Thai doubts the courts would uphold reading the law’s ban on higher-education requiring diversity training in that way. Nevertheless, such concerns represent another example of how a law arguably as overly broad and vague as HB 1775 can potentially chill legitimate expression protected by the First Amendment.
Rick Tepker, recently retired as the first Floyd & Irma Calvert Chair of Law and Liberty at OU Law, where he taught First Amendment and constitutional law and argued successfully before the U.S. Supreme Court, similarly is no fan of HB 1775. He observes that “the drafters seem intent on being slippery, with strategies of censorship by intimidation.”
Tepker advised, “Teachers need to develop defensible teaching strategies to resist. There must be more attention to the influence of race and gender in our history and civic life. We must not insist our teachers go backwards ― backwards to days when the Tulsa Race Riot could not be discussed; backwards to a ‘Gone with the Wind’ perspective on the Civil War and its impact on the American heritage; backwards to a storybook view of the nation.”
He questioned how “Oklahoma’s so-called leaders expect teachers to discuss the book and upcoming movie ‘Killers of the Flower Moon.' The murky words of HB 1775 offer little real leadership. So, teachers must prepare for undue political influence. The appearance of ideological indoctrination must be avoided. Illiberal liberalism is hard to defend. Sponsoring debate and discussion is better than inculcation of a new ideologically dictated set of ‘truths.’ ”
Bob Nelon, a nationally known media and First Amendment lawyer in Oklahoma City, sees considerable grounds for arguing teachers’ free-speech rights in relation to HB 1775. In response to my inquiry, he briefed a nine-page analysis in which he concludes the statute is unconstitutional.

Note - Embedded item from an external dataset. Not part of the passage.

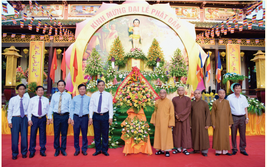
Các đồng chí lãnh đạo tỉnh tặng hoa chúc mừng Giáo hội Phật giáo Việt Nam tỉnh Quảng Trị nhân Đại lễ Phật đản Phật lịch 2567-Dương lịch 2023

Những năm qua, với sự quan tâm lãnh đạo, hướng dẫn của cấp ủy, chính quyền và MTTQ Việt Nam các cấp nên các hoạt động tôn giáo trên địa bàn cơ bản ổn định, nhu cầu sinh hoạt tín ngưỡng tôn giáo của Nhân dân được đáp ứng; chức sắc, chức việc, tín đồ các tôn giáo luôn phấn khởi, tin tưởng vào sự lãnh đạo của các cấp ủy, chính quyền, cùng chung sức với các tầng lớp nhân dân hưởng ứng, tham gia thực hiện các chương trình mục tiêu quốc gia giảm nghèo bền vững và xây dựng nông thôn mới như phong trào: “Quảng Trị chung sức xây dựng nông thôn mới”, kết hợp với

Invoking language from the Supreme Court, Nelon emphasized, “If educated professionals do not clearly understand what they are permitted and not permitted to teach — and thus ‘steer far wider of the unlawful zone’ — then the statute is unconstitutionally vague and overbroad, it interferes with the teacher’s academic freedom, and it impedes the ‘wide exposure to that robust exchange of ideas which discovers truth out of a multitude of tongues, rather than through any kind of authoritative selection.’ ”
His basis for that argument included analysis of case law regarding academic freedom and regulation of the speech of government employees, contrasting HB 1775 with the Oklahoma Academic Standards through which the Oklahoma State Department of Education prescribes the curriculum for K-12 public school students, but preserves “teachers’ academic freedom to instruct using words and methodologies they believe appropriate and best suited to convey the history, historical context, and sociopolitical issues students should learn consistent with the OAS.”
“All of this is to say it appears that HB 1775 unduly constrains teachers from addressing, discussing, or providing context for much of the history of our country — a history that contains many events that, in retrospect, make us uncomfortable, but about which we need to know and be able to discuss openly,” Nelon said.